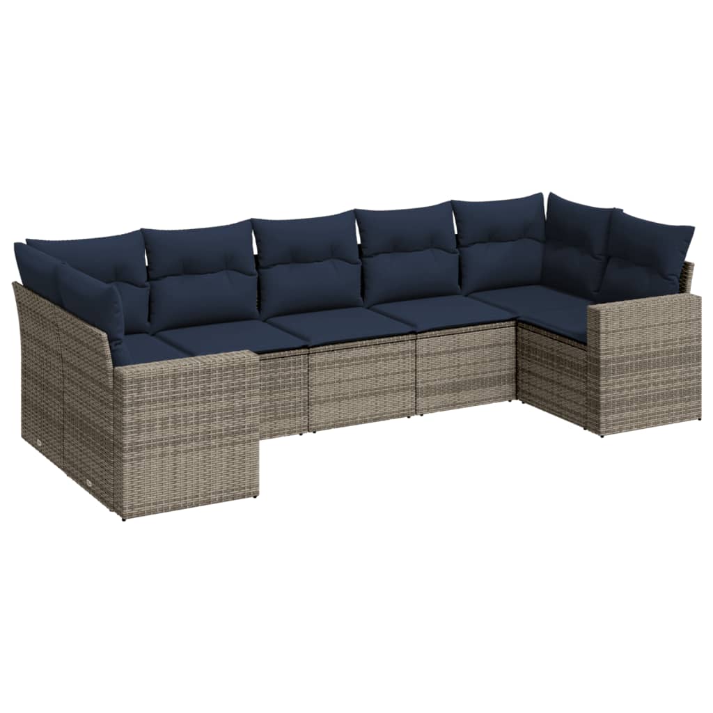 vidaXL 7-Piece Lounge Set with Cushions Poly Rattan Grey
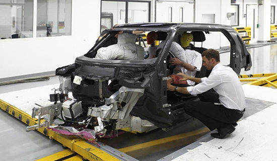 在民用汽車領(lǐng)域,奔馳嘗試應(yīng)用碳纖維材料作為潰縮區(qū)域,首先在SLR McLaren上得到了應(yīng)用。呈尖塔狀的碳纖維潰縮柱由無(wú)數(shù)根粗壯的碳纖維經(jīng)過(guò)編織而成,雖然結(jié)構(gòu)依舊無(wú)比堅(jiān)硬,但是在設(shè)計(jì)上讓它能夠在正面碰撞時(shí)破碎成無(wú)數(shù)細(xì)小的碎片,來(lái)吸收大量的能量,并且碎片不會(huì)對(duì)人造成傷害,這一點(diǎn)非常類似于汽車鋼化玻璃的破碎原理。
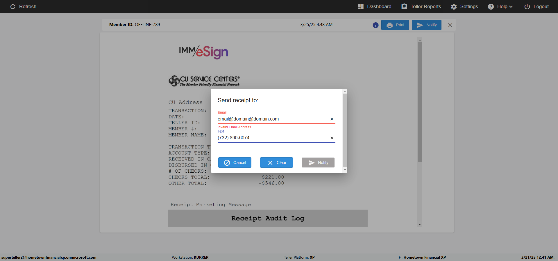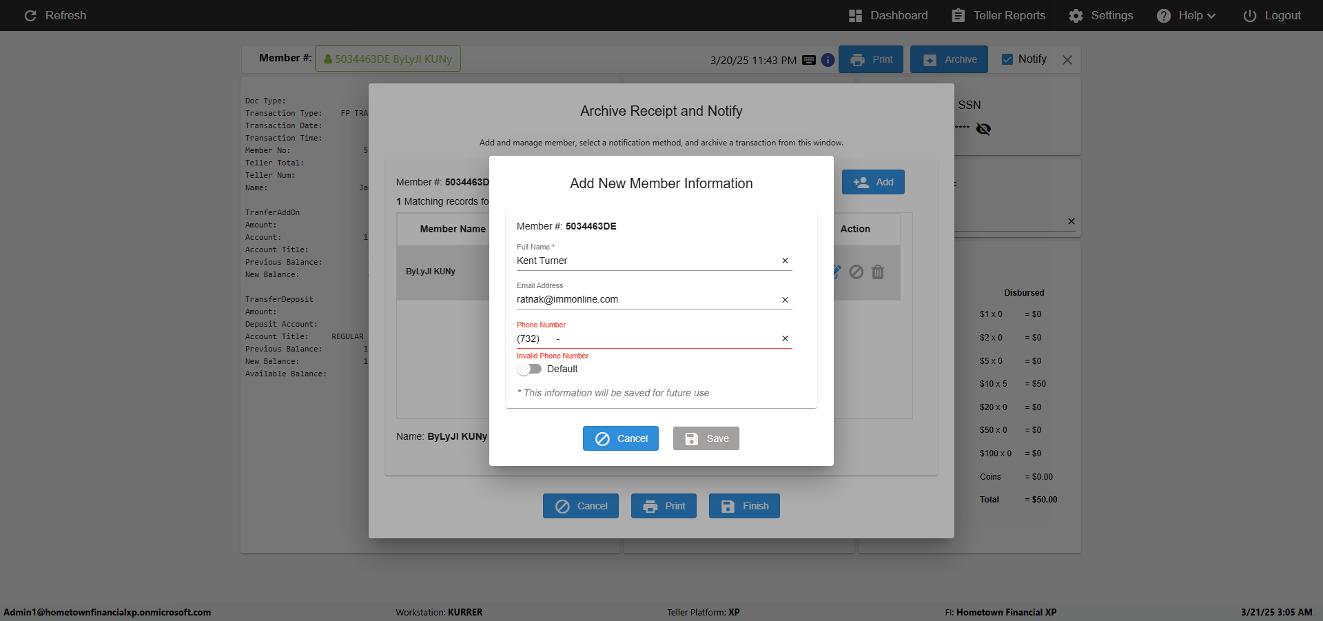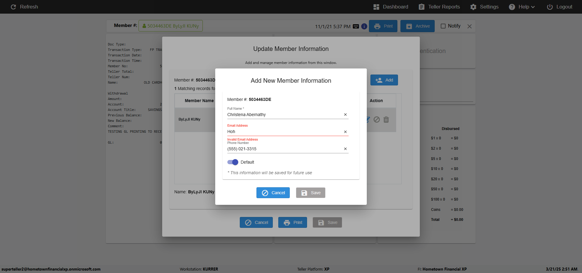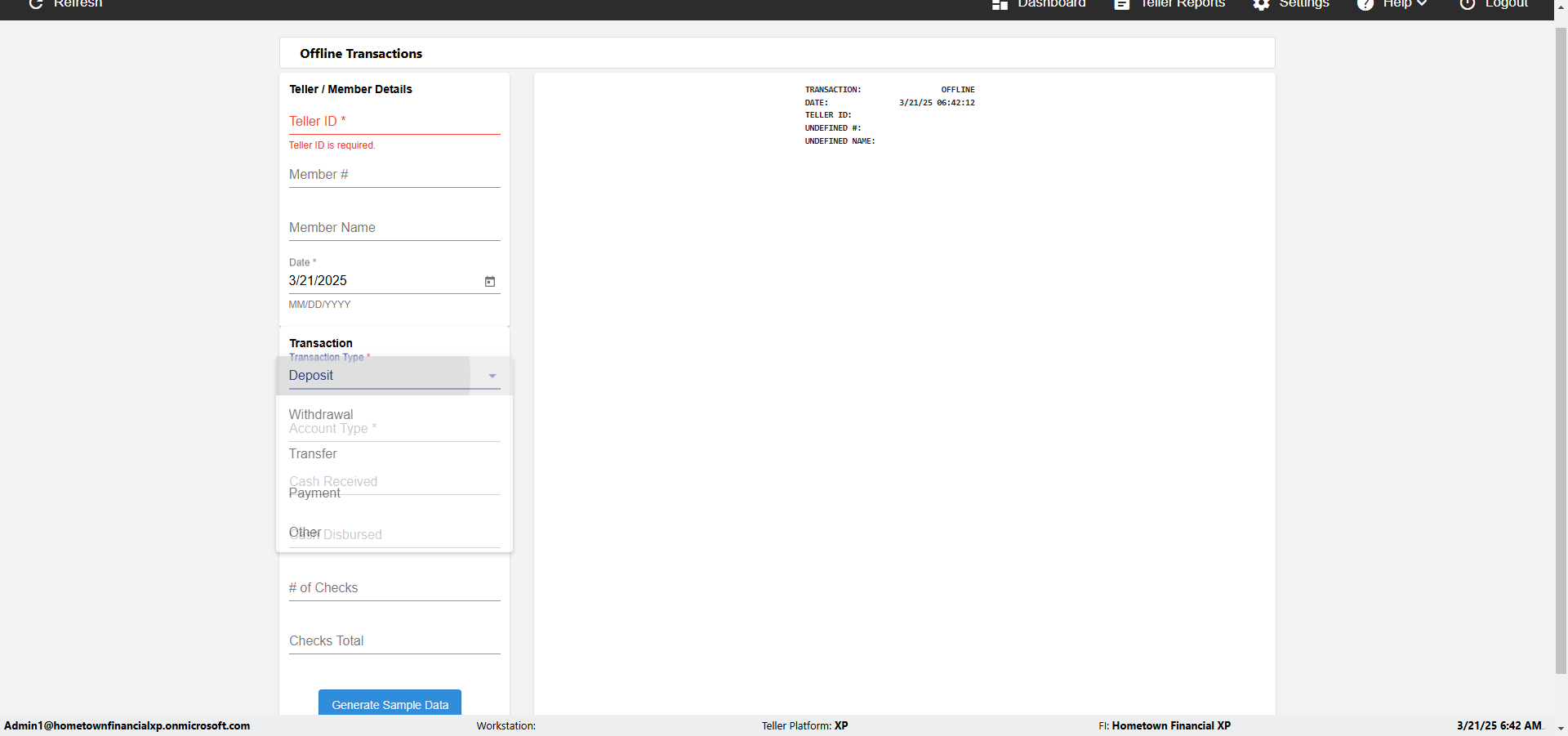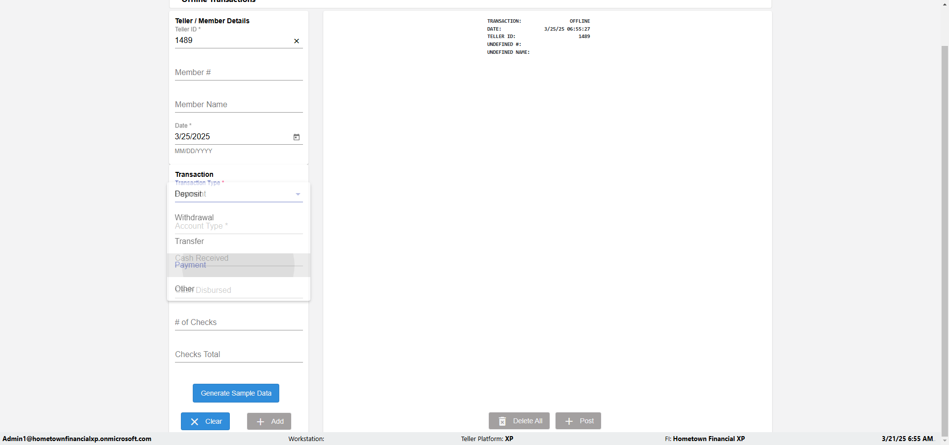 | {Description=Verify Teller ID error in Offline Transaction demo, From Account #=1212, Teller ID=3456@, To Account #=1414, Amount=555, errorMessage=Special characters not allowed.;, Transaction Type=Deposit, userpwd=iMM2025!, # of Checks=5, Member#=789, Member Name=Rahim, Cash Received=2233, From Account Type=checking, Date=, To Account Type=savings, errorint=1, TestID=verifyOfflineErrorMessagesTellerIDDetails, offlineurl=/offlinereceipt/demo, Cash Disbursed=3000, Account Type=Saving, Checks Total=221, username=Admin1@hometownfinancialxp.onmicrosoft.com} |

* Work to complete
Once the pictures are set aside, repeat the data above exactly.

* Task output
 vidaXL 7-Piece Lounge Set with Cushions Poly Rattan Grey
 在民用汽車領(lǐng)域,奔馳嘗試應(yīng)用碳纖維材料作為潰縮區(qū)域,首先在SLR McLaren上得到了應(yīng)用。呈尖塔狀的碳纖維潰縮柱由無(wú)數(shù)根粗壯的碳纖維經(jīng)過(guò)編織而成,雖然結(jié)構(gòu)依舊無(wú)比堅(jiān)硬,但是在設(shè)計(jì)上讓它能夠在正面碰撞時(shí)破碎成無(wú)數(shù)細(xì)小的碎片,來(lái)吸收大量的能量,并且碎片不會(huì)對(duì)人造成傷害,這一點(diǎn)非常類似于汽車鋼化玻璃的破碎原理。
 | {Description=Verify Teller ID error in Offline Transaction demo, From Account #=1212, Teller ID=3456@, To Account #=1414, Amount=555, errorMessage=Special characters not allowed.;, Transaction Type=Deposit, userpwd=iMM2025!, # of Checks=5, Member#=789, Member Name=Rahim, Cash Received=2233, From Account Type=checking, Date=, To Account Type=savings, errorint=1, TestID=verifyOfflineErrorMessagesTellerIDDetails, offlineurl=/offlinereceipt/demo, Cash Disbursed=3000, Account Type=Saving, Checks Total=221, username=Admin1@hometownfinancialxp.onmicrosoft.com} |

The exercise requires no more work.